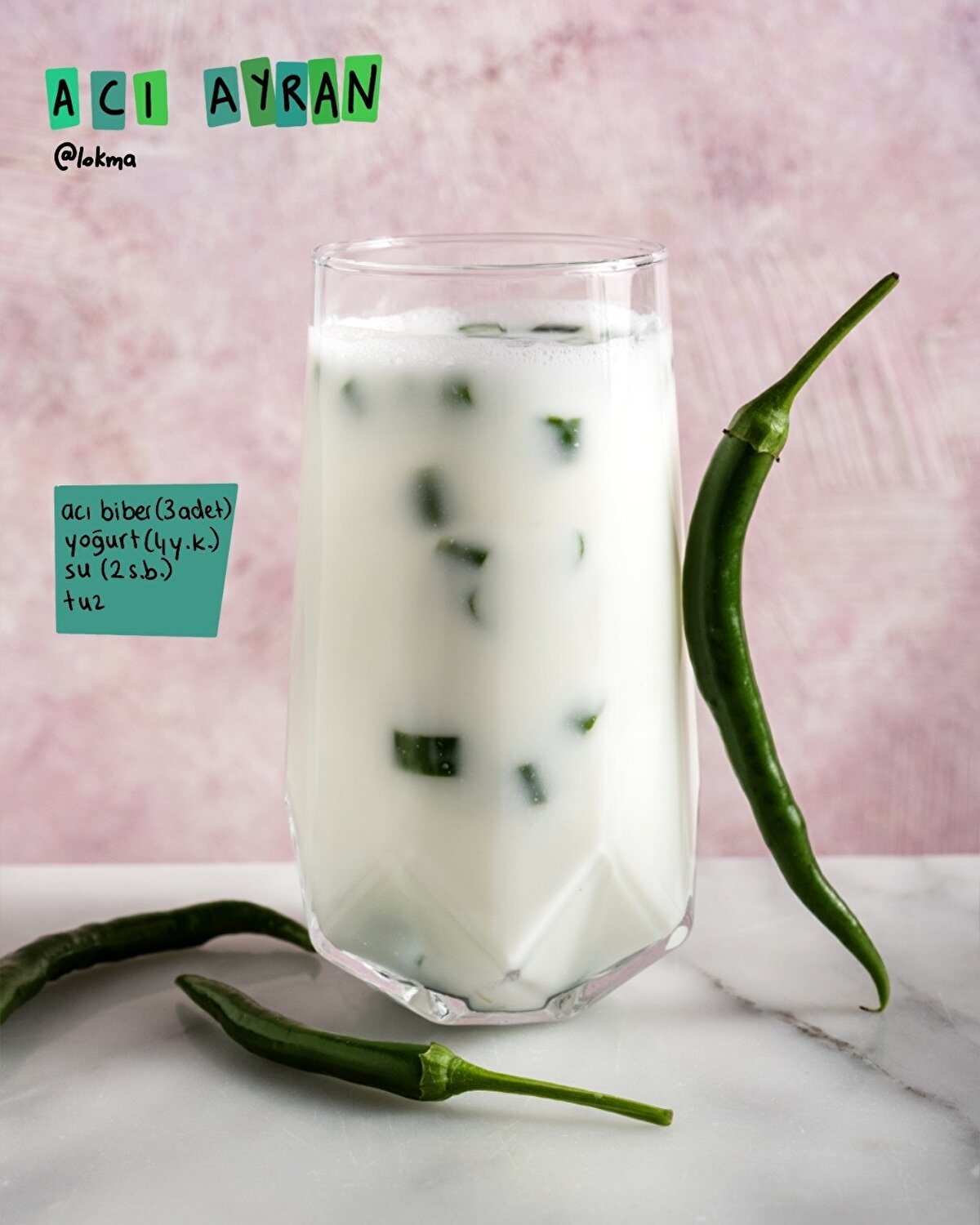 🌶️Acı ayran 3 adet acı biber 4 yemek kaşığı yoğurt 2 su bardağı su Tuz
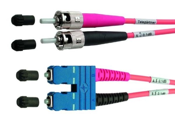 FO patch cords are mainly used in patch panels or for connection between outlets and terminals. Duplex cables with duplex connectors prevent from changing transmission and reception lines. The quality of connectors and fibres used determines to a great degree the insertion loss and reflexion performance of the transmission line. Factory- assembled FO patch cables guarantee exceptional optical and mechanical characteristics and a long lifetime due to use of optimized components and of a constantly controlled manufacturing process. Flame-retardant and halogen-free cable sheath material provides low environmental load.
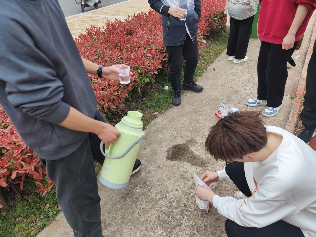 现在正值春寒料峭,微寒的空气吸入体内会有很多不适。为保护同学们的身体健康,避免感冒,该班申请缓测的同学主动在终点处为同学们倒好热水,搀扶体力透支的同学并为他们递上衣物。一个小小的举动,或许微不足道,但是却温暖了彼此,凝聚了班集体。
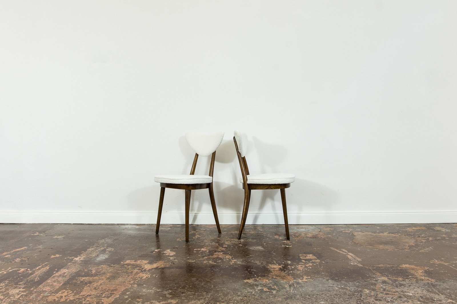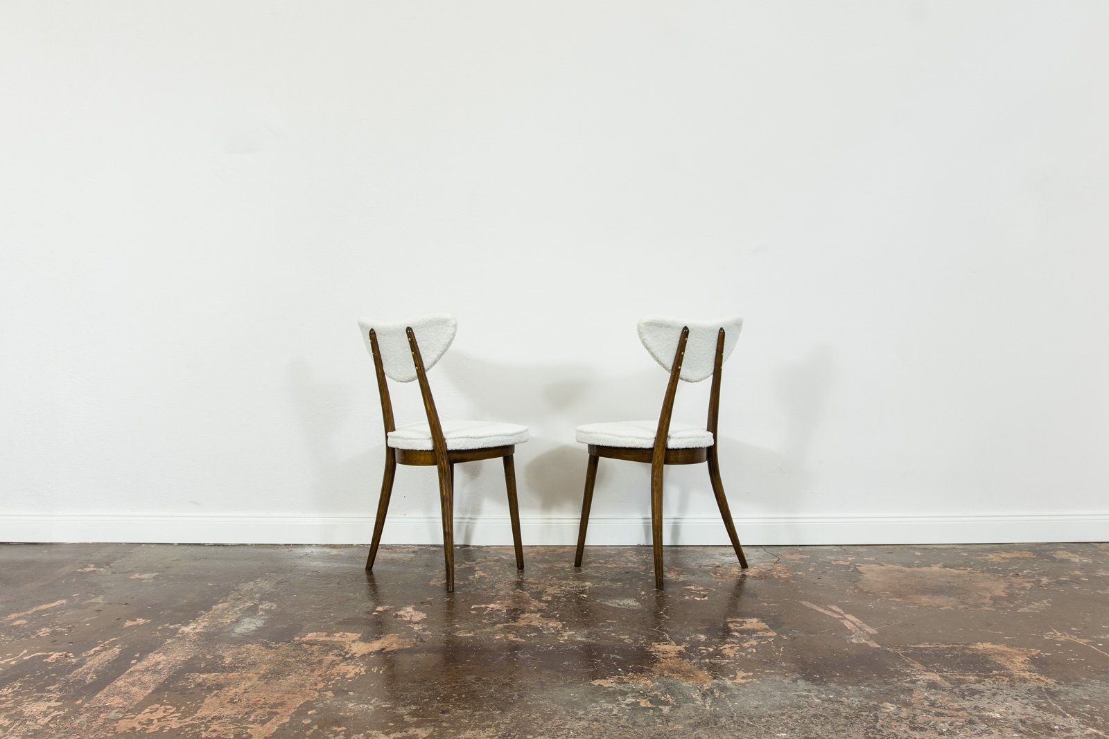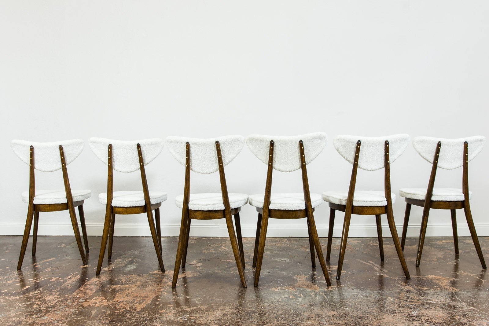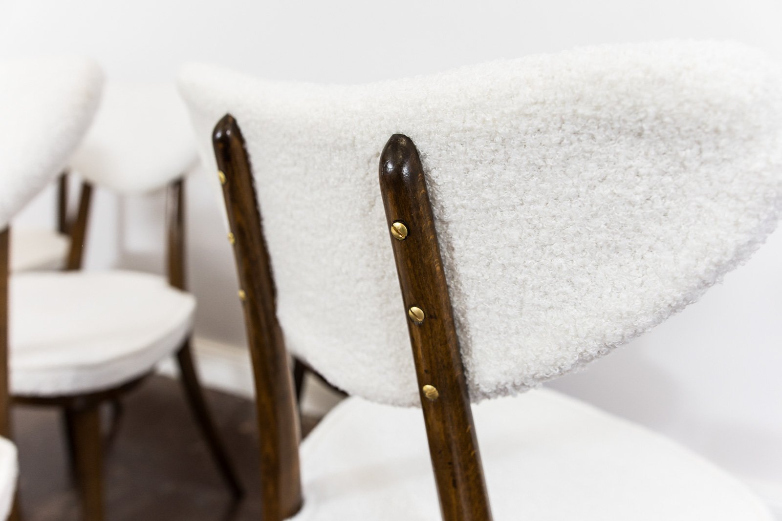 A set of six dining chairs, model 124, designed by Helena and Jerzy Kurmanowicz and manufactured by Radomszczańskie Zakłady Przemysłu Drzewnego in the 1950s. In 1959, this design won first prize in a competition organized by PAGED (Polish Wood Export Agency). Known as “hearts,” these dining chairs are distinguished by their heart-shaped backrests, crafted from bent plywood. The craftsmanship of model 124 highlights a consistent use of advanced bending techniques, with each wooden component, including the ring supporting the seat, made from a single bent piece. The bent legs further enhance the cohesive aesthetic of the “hearts” design. The seats and backrests are upholstered in soft, white fabric. Although the chairs are part of a single set, slight variations in leg width or bend curvature from the manufacturing process lend a unique character to each piece.

============

* WHAT TO PRODUCE *
Images should not appear in the copy; retype the listing above exactly.

* SOLUTION BELOW *
 🌶️Acı ayran 3 adet acı biber 4 yemek kaşığı yoğurt 2 su bardağı su Tuz
 FO patch cords are mainly used in patch panels or for connection between outlets and terminals. Duplex cables with duplex connectors prevent from changing transmission and reception lines. The quality of connectors and fibres used determines to a great degree the insertion loss and reflexion performance of the transmission line. Factory- assembled FO patch cables guarantee exceptional optical and mechanical characteristics and a long lifetime due to use of optimized components and of a constantly controlled manufacturing process. Flame-retardant and halogen-free cable sheath material provides low environmental load.
 现在正值春寒料峭,微寒的空气吸入体内会有很多不适。为保护同学们的身体健康,避免感冒,该班申请缓测的同学主动在终点处为同学们倒好热水,搀扶体力透支的同学并为他们递上衣物。一个小小的举动,或许微不足道,但是却温暖了彼此,凝聚了班集体。
 A set of six dining chairs, model 124, designed by Helena and Jerzy Kurmanowicz and manufactured by Radomszczańskie Zakłady Przemysłu Drzewnego in the 1950s. In 1959, this design won first prize in a competition organized by PAGED (Polish Wood Export Agency). Known as “hearts,” these dining chairs are distinguished by their heart-shaped backrests, crafted from bent plywood. The craftsmanship of model 124 highlights a consistent use of advanced bending techniques, with each wooden component, including the ring supporting the seat, made from a single bent piece. The bent legs further enhance the cohesive aesthetic of the “hearts” design. The seats and backrests are upholstered in soft, white fabric. Although the chairs are part of a single set, slight variations in leg width or bend curvature from the manufacturing process lend a unique character to each piece.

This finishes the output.